From the line that contains "let answer = await" to the last line of the data below, transcribe every line exactly. Do not include the pictures.

[[ Information provided, beginning ]]

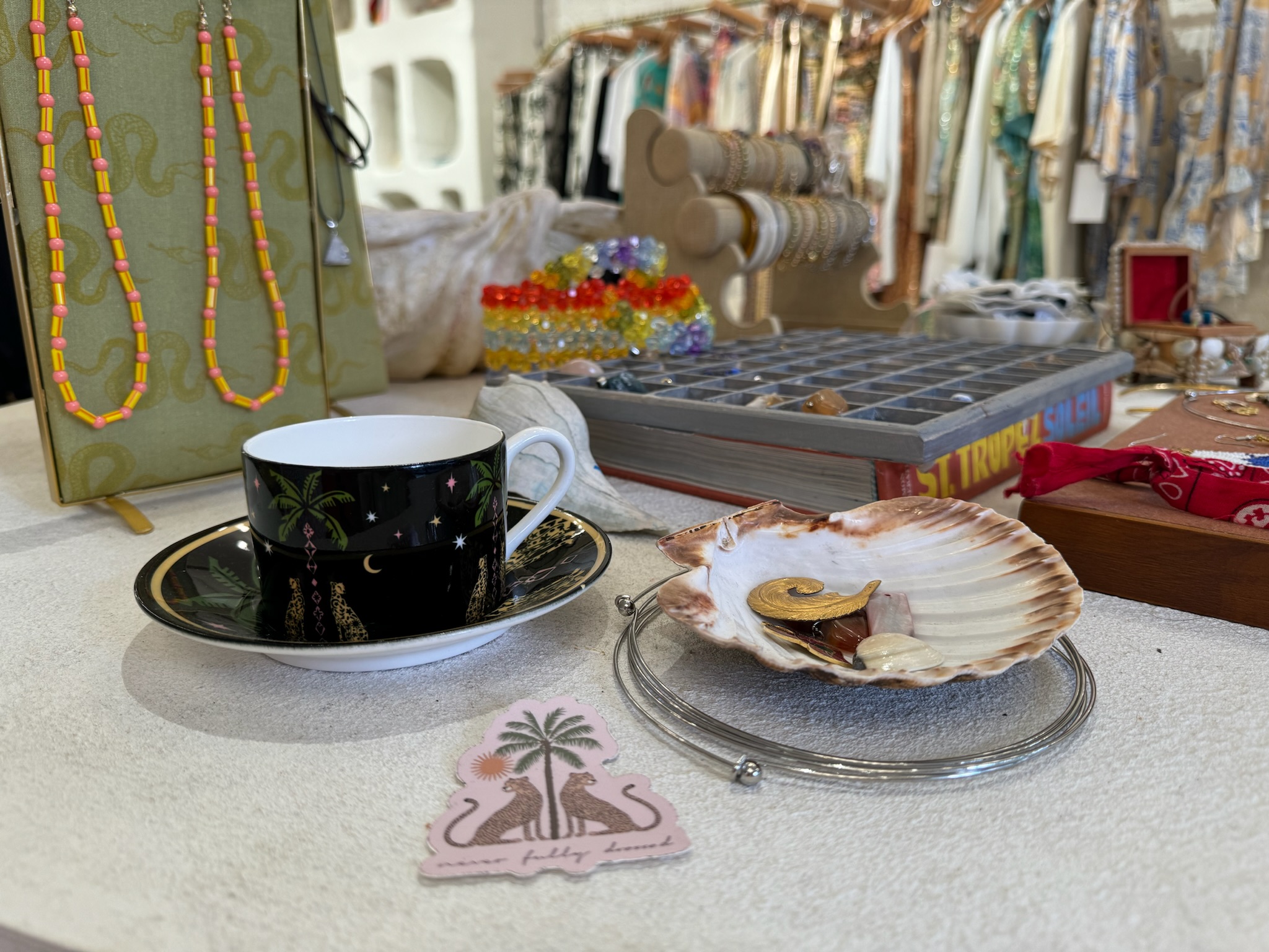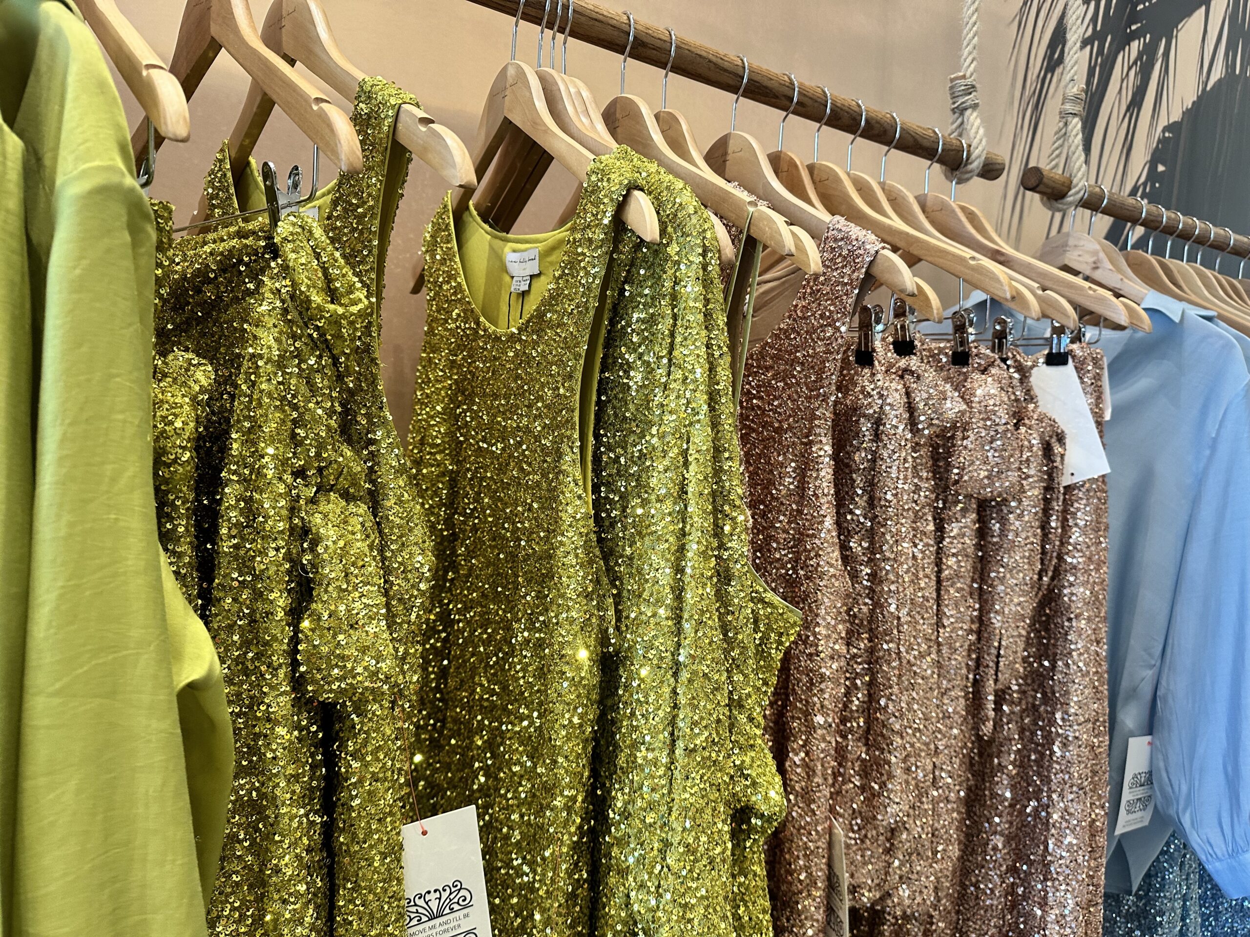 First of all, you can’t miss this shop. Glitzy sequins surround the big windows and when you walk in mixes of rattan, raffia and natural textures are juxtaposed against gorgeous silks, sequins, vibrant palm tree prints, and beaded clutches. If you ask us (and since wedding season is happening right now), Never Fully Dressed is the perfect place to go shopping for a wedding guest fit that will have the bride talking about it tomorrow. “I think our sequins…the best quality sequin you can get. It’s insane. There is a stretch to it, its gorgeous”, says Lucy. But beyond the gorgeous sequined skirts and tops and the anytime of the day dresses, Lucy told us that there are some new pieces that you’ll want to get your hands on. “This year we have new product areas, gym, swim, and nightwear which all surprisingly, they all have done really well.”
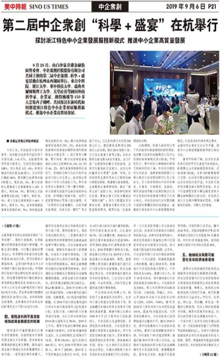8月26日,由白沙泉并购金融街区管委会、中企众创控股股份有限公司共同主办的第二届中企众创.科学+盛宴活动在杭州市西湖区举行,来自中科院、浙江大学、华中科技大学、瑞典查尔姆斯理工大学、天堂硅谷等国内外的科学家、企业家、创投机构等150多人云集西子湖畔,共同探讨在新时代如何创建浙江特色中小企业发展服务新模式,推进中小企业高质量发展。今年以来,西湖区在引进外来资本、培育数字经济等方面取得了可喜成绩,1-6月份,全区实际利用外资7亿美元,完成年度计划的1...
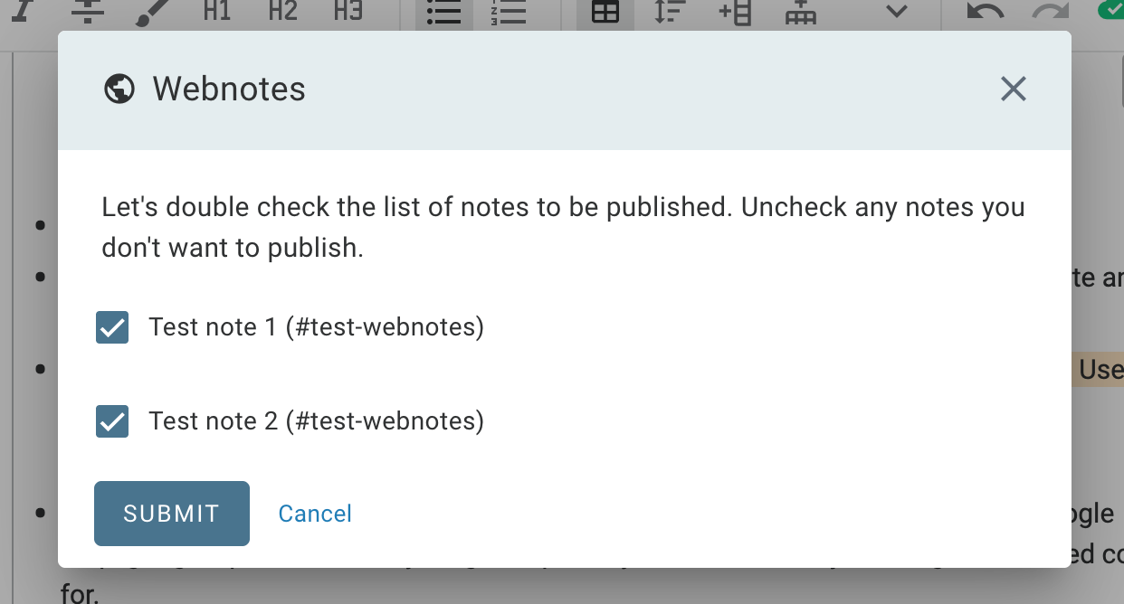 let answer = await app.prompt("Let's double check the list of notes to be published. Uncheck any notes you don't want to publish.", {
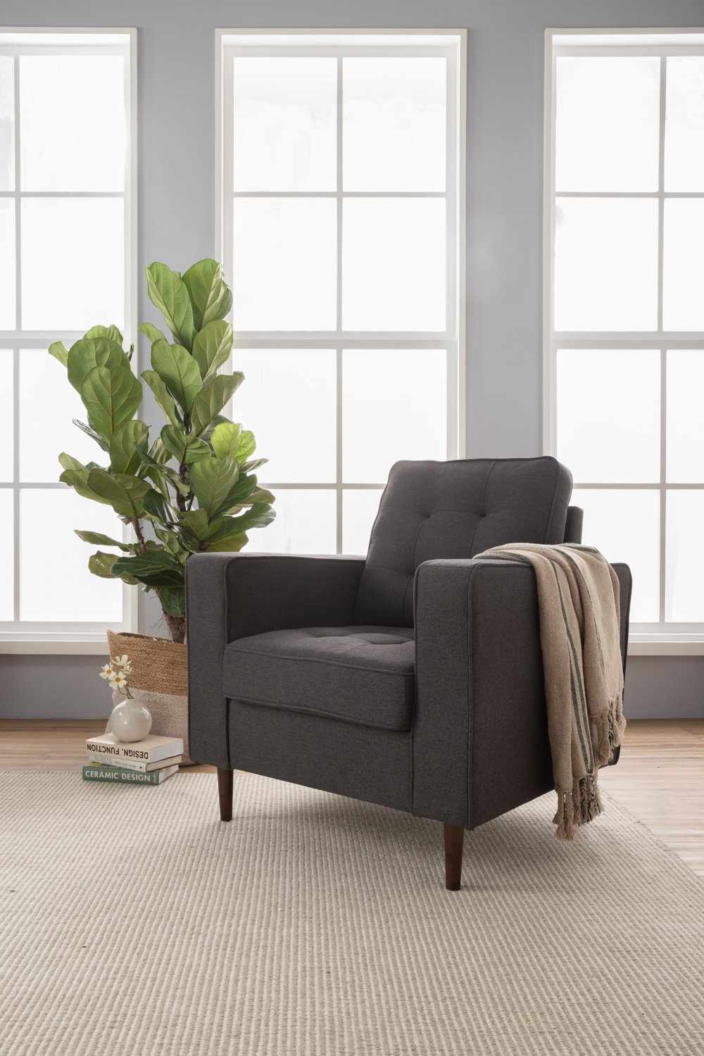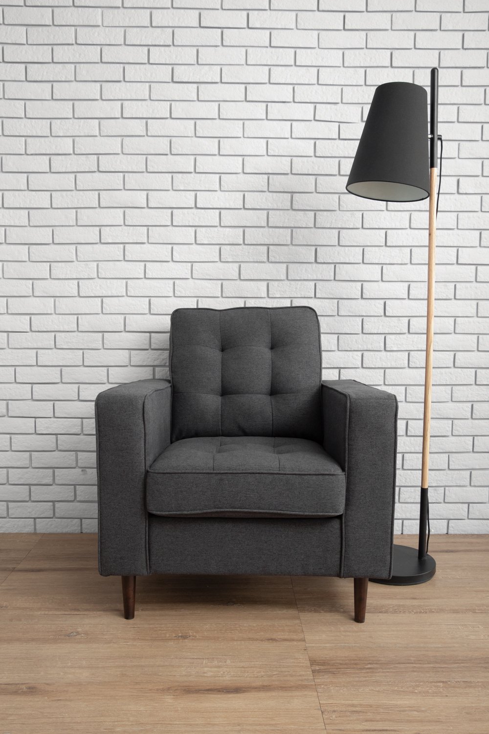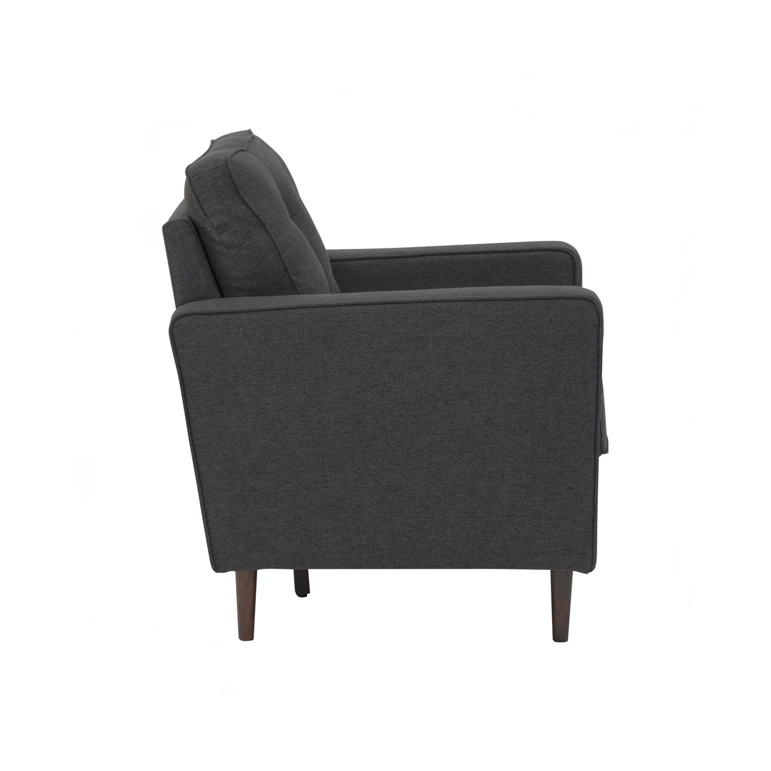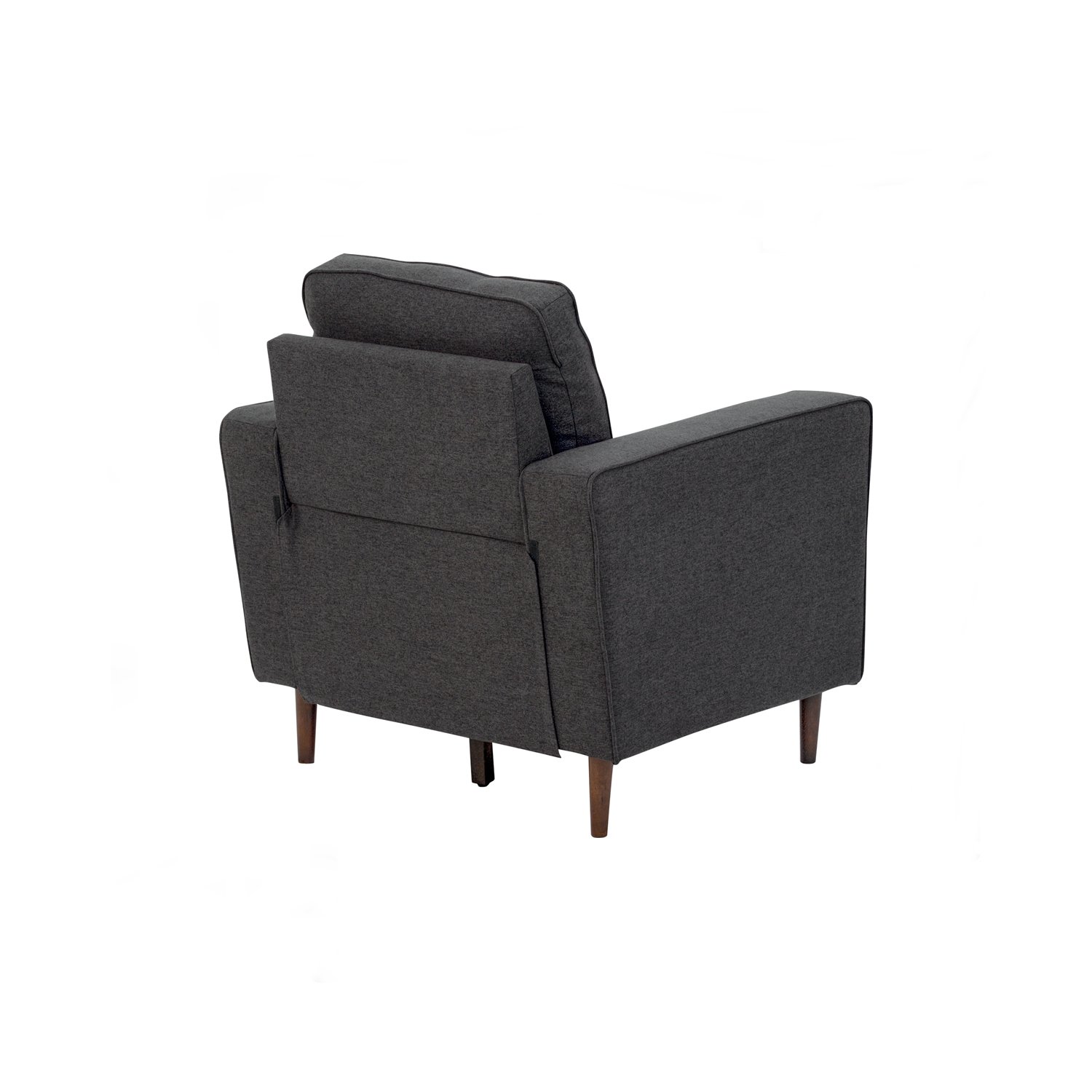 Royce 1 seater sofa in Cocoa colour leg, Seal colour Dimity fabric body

[[ Information provided, end ]]

◆ Completed task
 let answer = await app.prompt("Let's double check the list of notes to be published. Uncheck any notes you don't want to publish.", {
 Royce 1 seater sofa in Cocoa colour leg, Seal colour Dimity fabric body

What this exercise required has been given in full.